She removed her new cue stick from the fringe leather case she had made a few years ago. The stick, with a purple ivory embossed handle was the right weight for her, a #21, and a little heavy in the handle to compensate for her short stature. She screwed the two lengths of stick together and rolled it across the green of the 9-foot table. The rec hall allowed students 24-hour access to the larger tables and no fee to play with your student ID. Her game had improved considerably since starting college. Barroom pool tables tended to be shorter so as not to take up too much drinking space. But here at the rec hall, the full-size tables were always open. Apparently, Midwest farmer-type college students weren’t pool sharks. They spent more time writing term papers and reading textbooks.

Cash was learning a lot at Moorhead State College. She had already found out that most girls her age considered shooting pool a sin, against their church upbringing. While Cash drank the occasional Budweiser and wore straight-legged blue jeans and a clean t-shirt under a Levi jean jacket each day, a good handful of the students preferred smoking weed to drinking. They dressed in bellbottom jeans and sheer peasant blouses - hippie attire. They talked about making love, not war. They flashed peace signs at each other as they crossed the green campus lawn. And then there were the college jocks, the students from small-town, conference-winning sports teams who were big-shot scholarship jocks now. Still the jocks were too undersized for any professional team they might hope to be scouted for. And who knew to look for them in the Red River Valley of the North anyway?

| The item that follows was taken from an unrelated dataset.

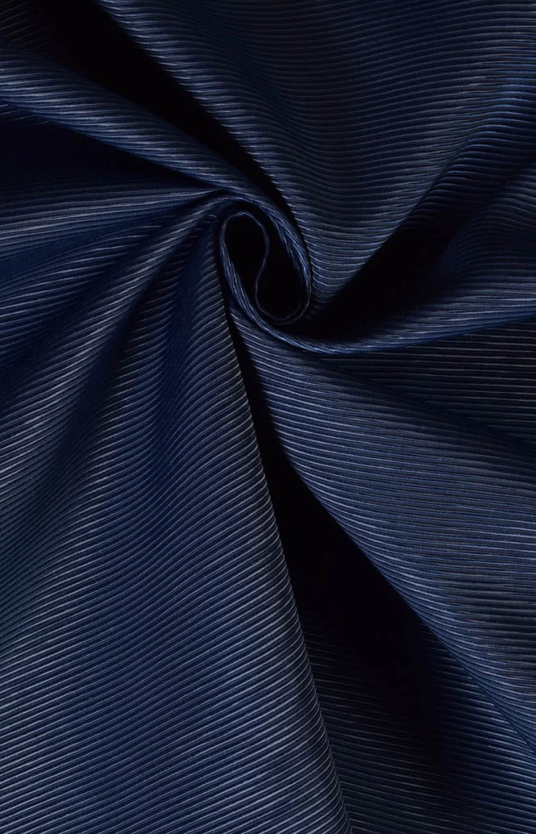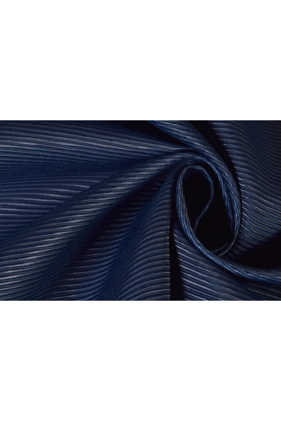 Tejido con un característico grosgrain en color azul marino. El tejido no es elástico, ligeramente rígido, con un brillo delicado, suave al tacto. Perfecto para abrigos finos, chaquetas, faldas amplias.

There were also the studious students – the students who in their small towns had been picked on, teased or ostracized because they got A’s in algebra without cheating, who read Macbeth and enjoyed it. The ones who willingly stayed after school to create potions in the under-financed science labs of the high schools ruled by the captain of the football team and his cheerleader homecoming queen.

Where Cash had always shot 8-ball for money, here at college, she had learned how to play 9-ball against fraternity jocks who considered it the only pool game worthy of their time. It kept her in shape for the money-making games at her home bar, the Casbah, over on the Fargo, North Dakota side of the Red River.

It was beet-hauling season in the Valley and Cash was driving beet truck afternoons and evenings when her class schedule allowed. She had stopped at the rec hall to practice bank shots before she headed to the Wang farm around 8 in the evening to start hauling on an overnight shift. She chalked the tip of her cue and broke the rack, sending the balls spewing across the green. Her break hadn’t been forceful enough because nothing dropped in the pockets.

Cash started with the one ball, and successively went after each ball in numerical order, attempting a bank shot of each ball into an opposite corner. She frustrated herself with her failures. Damn and shhh…t were frequent utterances.

She stretched her 5-foot, 2-inch frame over the pool table, her cue stick rested easily on the arch made between her thumb and curled pointer finger, aiming at the 11 ball to bank it into the far-right corner pocket. She had just pulled her right arm back in a smooth pendulous swing when, “Cash, there you are!” rang out. Cash’s zone was broken and she nicked the edge of the cue ball sending it toward the 11 but about 3 inches off. Cash slid back off the table and turned to see hippie Sharon hopping down the three rec hall steps, her flared bell-bottoms swirling around her platform shoes.

“Hey, I was looking all over for you after science class. I’m in love. Do you think he’s married? Do you think he fools around if he is? Don’t you just love his hair, the way he kinda swoops it back over his forehead? And his bod, man.”

Cash leaned over the pool table and aimed at the 11 ball again. “Who are we talking about?”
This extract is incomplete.